▸ What you should do
Return the records as they stand. No picture is to be included.

*** Dataset excerpts

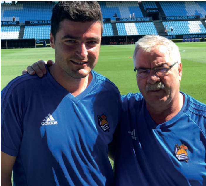
Aita-semeak, elkarrekin lanean hasi zirenean. UNAI OLAIZOLA
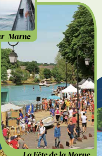
La Fête de la Marne

À voir également Maison natale de Louis Braille 13, rue Louis Braille 77700 COUPVRAY 01 60 04 82 80 www.brailletourisme.org/louis_braille/maisnat.htm
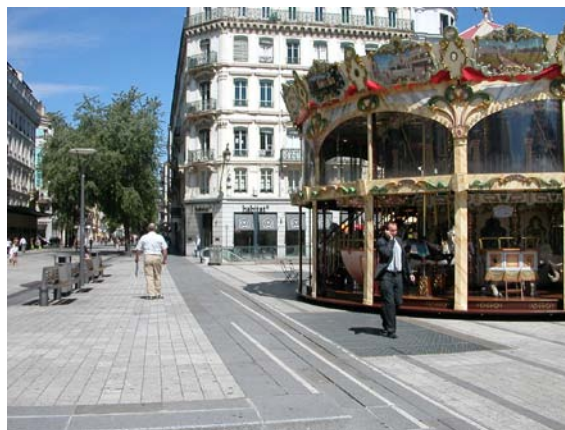
Organisation d'espaces dédiés au repos ou au jeu au sein d'une aire piétonne

Par ailleurs, il est possible de prévoir à l'intérieur des aires piétonnes des espaces dédiés à la pratique de certaines activités telles que des aires de jeu (que ce soit pour enfant ou pour adulte, par exemple des tables pour les jeux de société...). Il est conseillé d'aménager des espaces de repos pour tenir compte du vieillissement de la population et de la nécessité pour certains piétons de trouver des lieux où faire étape, même pour des déplacements de quelques centaines de mètres.
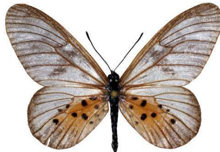
polis mâle (Sierra Leone) 7-81 Cat EB Bernaud.jpg polis
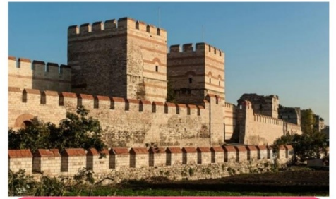
กำแพงประวัติศาสตร์คอนสแตนติโนเปิล
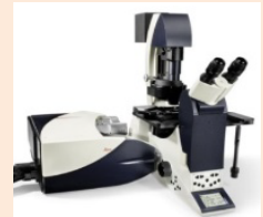
“ Leica TCS SP8 ”
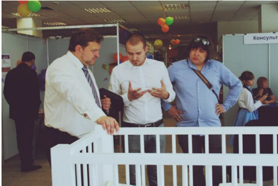
Инновационная детская кроватка (ООО «Русновэро»)
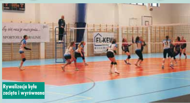
Rywalizacja była zacięta i wyrównana

Zajęcia z udzielania pierwszej pomocy przedmedycznej w Przedszkolu „Kwiaty Polskie” w Bralinie
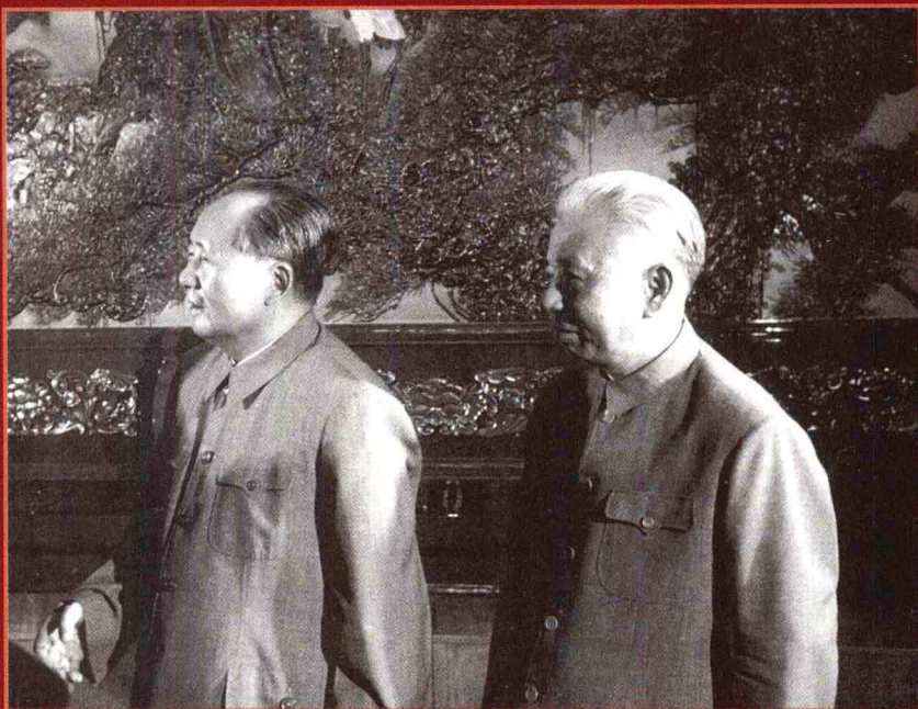
毛泽东和刘少奇在一起。
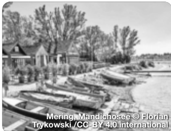
Mering, Mandichosee
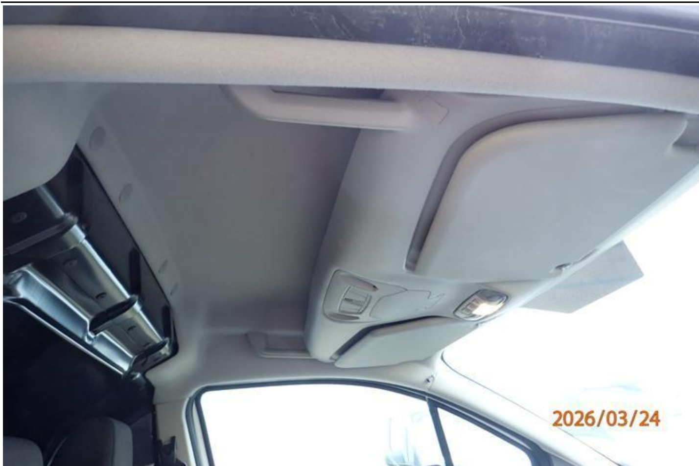
Fot. nr 133
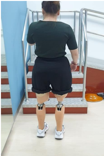
วิดีโอขณะฝึกขึ้น - ลงบันได
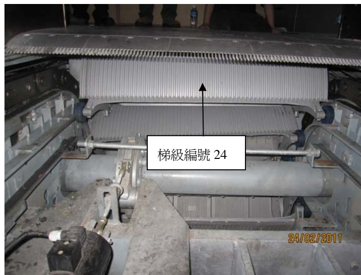
圖 2 - 第一級被卡着的梯級(梯級編號 24)於上層梳齒板下
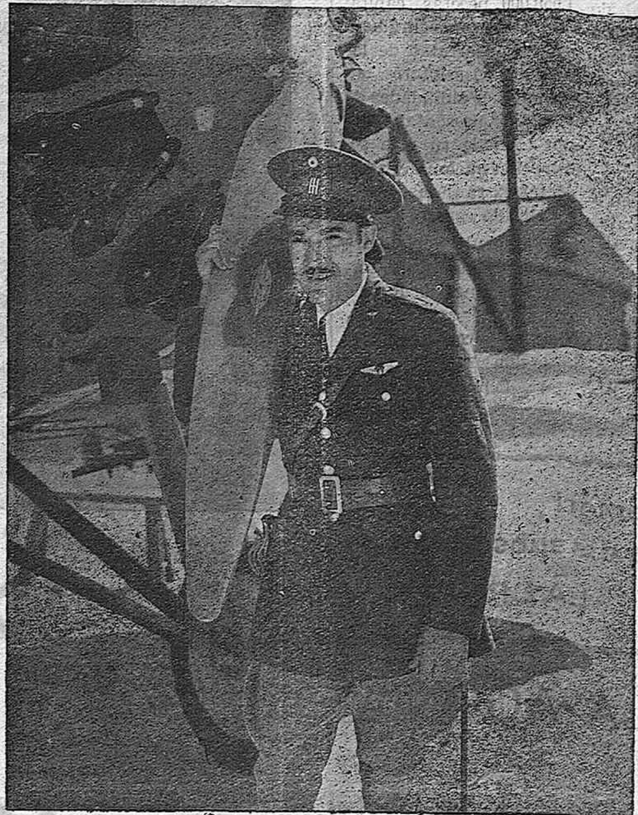
El notable actor Ramón Pereda en la producción mejicana "El vuelo de la muerte" de CIFESA
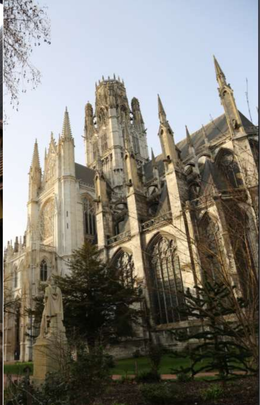
Les jardins de Saint Ouen
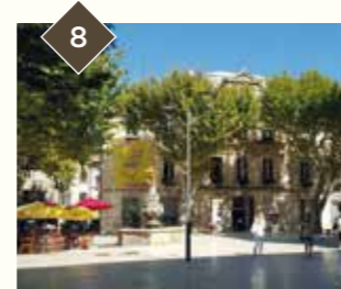
8 PLACE DE L'HÔTEL DE VILLE ET LA FONTAINE DE L'ANGE

OUVERT Du lundi au jeudi à 10h, 11h, 14h, 15h, 16h. Le vendredi à 10h, 11h, 14h, 15h. Fermée les jours fériés. Tarifs : 5€
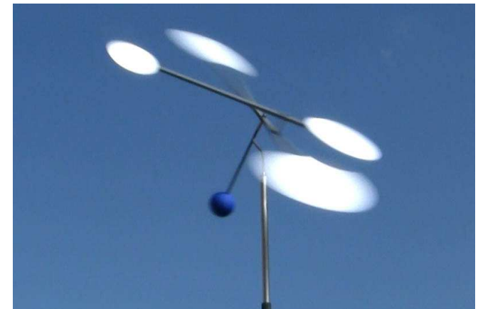
Quelque chose ne tourne plus rond
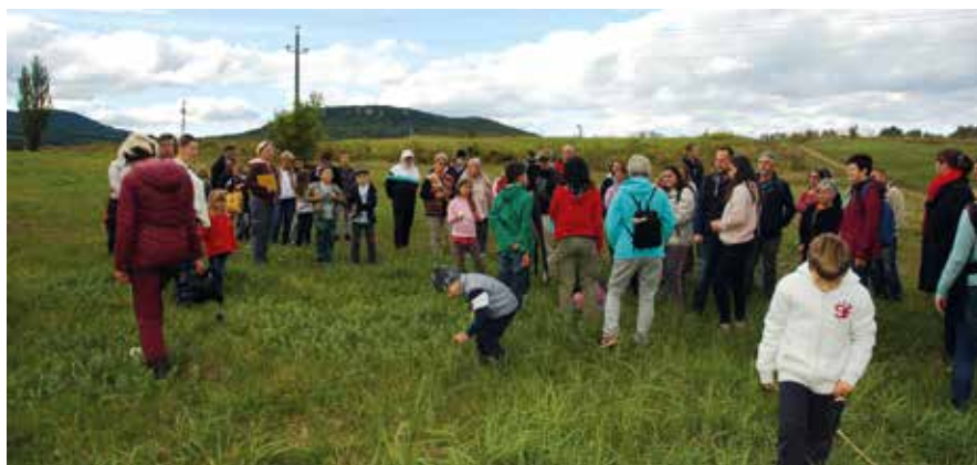
► Séta a Kliszára tervezett tanösvényen

line is elérhető. Wass Albert regényének A furtinelli boszorkány filmváltozatát pedig a művelődési házban vetítették.
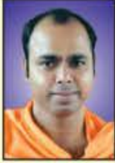
ಪರಮಪೂಜ್ಯ ಜಗದ್ಗುರು ಸ್ವಸ್ತಿಶ್ರೀ
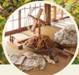
収穫した和綿と紡いだ 糸で織り上げた布
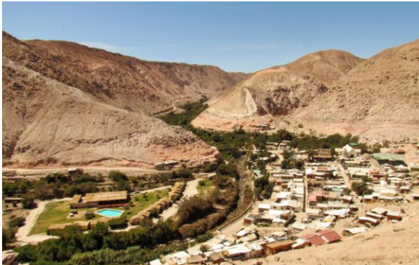
Valle de Codpa

El valle de Codpa ha sido, desde la antigüedad, una de las principales zonas para el intercambio cultural y comercial entre el altiplano y los pueblos costeros del norte. Especialmente durante la decadencia del imperio Tiwanaku, cuando grupos indígenas carangas se establecieron en el lugar y comenzaron a complementar sus actividades de pastoreo altiplánico con la producción de recursos agrícolas. Para eso, Codpa –o "pedregal" en aymara– era el lugar indicado: a pesar de estar en medio del desierto, es un valle sorprendentemente verde y fértil, de clima apacible, y donde se producen frutas, verduras, y un vino muy particular llamado pintatani, similar a la chicha (Servicio Nacional de Turismo, 2012)
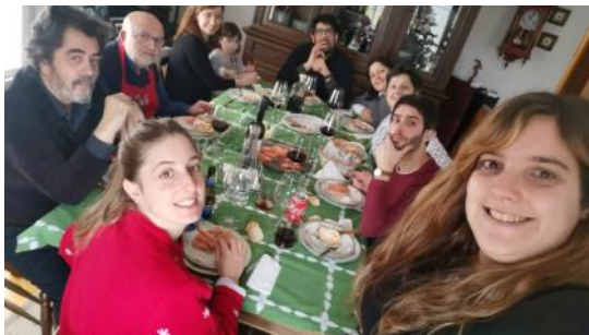
Fjölskylda Sabelu í jólaveislu. Hún er lengst til hægri á myndinni

Daginn eftir safnast fjölskyldan saman og borðar hádegisverð. Venjulega eru það afgangar frá kvöldinu áður og kannski einn nýr réttur.
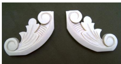
16. Kolébka (levá, pravá)
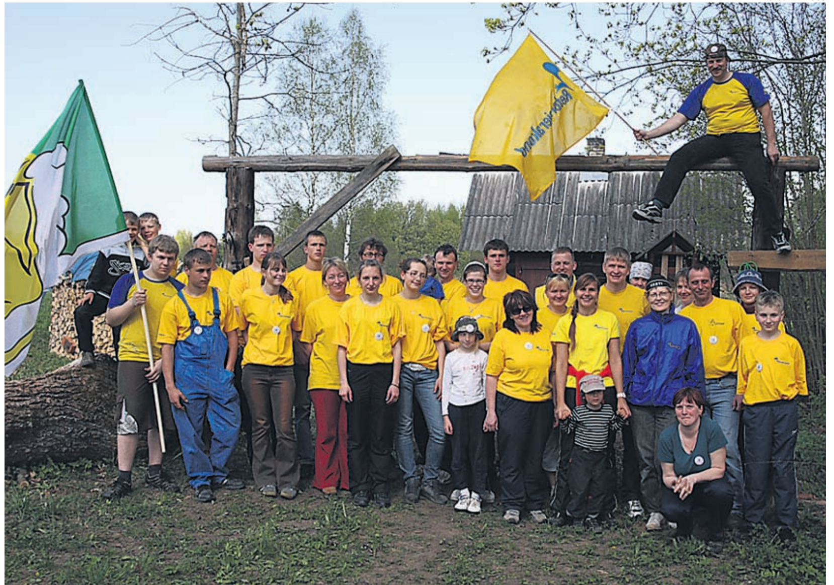
Põlvamaal kogunes Teeme Ära 2008 prügikoristusaksioonile tublisti vabatahtlikke Reformierakonnast.

Majanduse tsüklilisus on üldteada tõsiasi. Eesti jaoks on oluline väljuda kahanevast majandustsüklisest ajumahuka majandusega, kus enam poleks juhtival kohal allhange või toorainevahendus, vaid teadussaavutustel ja Eesti inimeste nutikusel põhinevad tooted. Maailma ja Eestit ootavad eelseisval paaril kümnendil vähemalt sama suured muutused, kui on olnud need, mis leidsid aset viimase kahekümne aasta jooksul. Eesti edu valem on olla muutusteks valmis ja pakkuda ise välja mudeleid positiivseteks muutusteks nii riigi, valla kui ka miks mitte iga inimese tasandil.
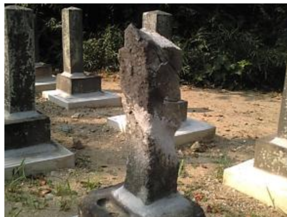
折れた墓石を接着剤等で修復

******

▸ Response below
Aita-semeak, elkarrekin lanean hasi zirenean. UNAI OLAIZOLA
La Fête de la Marne

À voir également Maison natale de Louis Braille 13, rue Louis Braille 77700 COUPVRAY 01 60 04 82 80 www.brailletourisme.org/louis_braille/maisnat.htm
Organisation d'espaces dédiés au repos ou au jeu au sein d'une aire piétonne

Par ailleurs, il est possible de prévoir à l'intérieur des aires piétonnes des espaces dédiés à la pratique de certaines activités telles que des aires de jeu (que ce soit pour enfant ou pour adulte, par exemple des tables pour les jeux de société...). Il est conseillé d'aménager des espaces de repos pour tenir compte du vieillissement de la population et de la nécessité pour certains piétons de trouver des lieux où faire étape, même pour des déplacements de quelques centaines de mètres.
polis mâle (Sierra Leone) 7-81 Cat EB Bernaud.jpg polis
กำแพงประวัติศาสตร์คอนสแตนติโนเปิล
“ Leica TCS SP8 ”
Инновационная детская кроватка (ООО «Русновэро»)
Rywalizacja była zacięta i wyrównana

Zajęcia z udzielania pierwszej pomocy przedmedycznej w Przedszkolu „Kwiaty Polskie” w Bralinie
毛泽东和刘少奇在一起。
Mering, Mandichosee
Fot. nr 133
วิดีโอขณะฝึกขึ้น - ลงบันได
圖 2 - 第一級被卡着的梯級(梯級編號 24)於上層梳齒板下
El notable actor Ramón Pereda en la producción mejicana "El vuelo de la muerte" de CIFESA
Les jardins de Saint Ouen
8 PLACE DE L'HÔTEL DE VILLE ET LA FONTAINE DE L'ANGE

OUVERT Du lundi au jeudi à 10h, 11h, 14h, 15h, 16h. Le vendredi à 10h, 11h, 14h, 15h. Fermée les jours fériés. Tarifs : 5€
Quelque chose ne tourne plus rond
► Séta a Kliszára tervezett tanösvényen

line is elérhető. Wass Albert regényének A furtinelli boszorkány filmváltozatát pedig a művelődési házban vetítették.
ಪರಮಪೂಜ್ಯ ಜಗದ್ಗುರು ಸ್ವಸ್ತಿಶ್ರೀ
収穫した和綿と紡いだ 糸で織り上げた布
Valle de Codpa

El valle de Codpa ha sido, desde la antigüedad, una de las principales zonas para el intercambio cultural y comercial entre el altiplano y los pueblos costeros del norte. Especialmente durante la decadencia del imperio Tiwanaku, cuando grupos indígenas carangas se establecieron en el lugar y comenzaron a complementar sus actividades de pastoreo altiplánico con la producción de recursos agrícolas. Para eso, Codpa –o "pedregal" en aymara– era el lugar indicado: a pesar de estar en medio del desierto, es un valle sorprendentemente verde y fértil, de clima apacible, y donde se producen frutas, verduras, y un vino muy particular llamado pintatani, similar a la chicha (Servicio Nacional de Turismo, 2012)
Fjölskylda Sabelu í jólaveislu. Hún er lengst til hægri á myndinni

Daginn eftir safnast fjölskyldan saman og borðar hádegisverð. Venjulega eru það afgangar frá kvöldinu áður og kannski einn nýr réttur.
16. Kolébka (levá, pravá)
Põlvamaal kogunes Teeme Ära 2008 prügikoristusaksioonile tublisti vabatahtlikke Reformierakonnast.

Majanduse tsüklilisus on üldteada tõsiasi. Eesti jaoks on oluline väljuda kahanevast majandustsüklisest ajumahuka majandusega, kus enam poleks juhtival kohal allhange või toorainevahendus, vaid teadussaavutustel ja Eesti inimeste nutikusel põhinevad tooted. Maailma ja Eestit ootavad eelseisval paaril kümnendil vähemalt sama suured muutused, kui on olnud need, mis leidsid aset viimase kahekümne aasta jooksul. Eesti edu valem on olla muutusteks valmis ja pakkuda ise välja mudeleid positiivseteks muutusteks nii riigi, valla kui ka miks mitte iga inimese tasandil.
折れた墓石を接着剤等で修復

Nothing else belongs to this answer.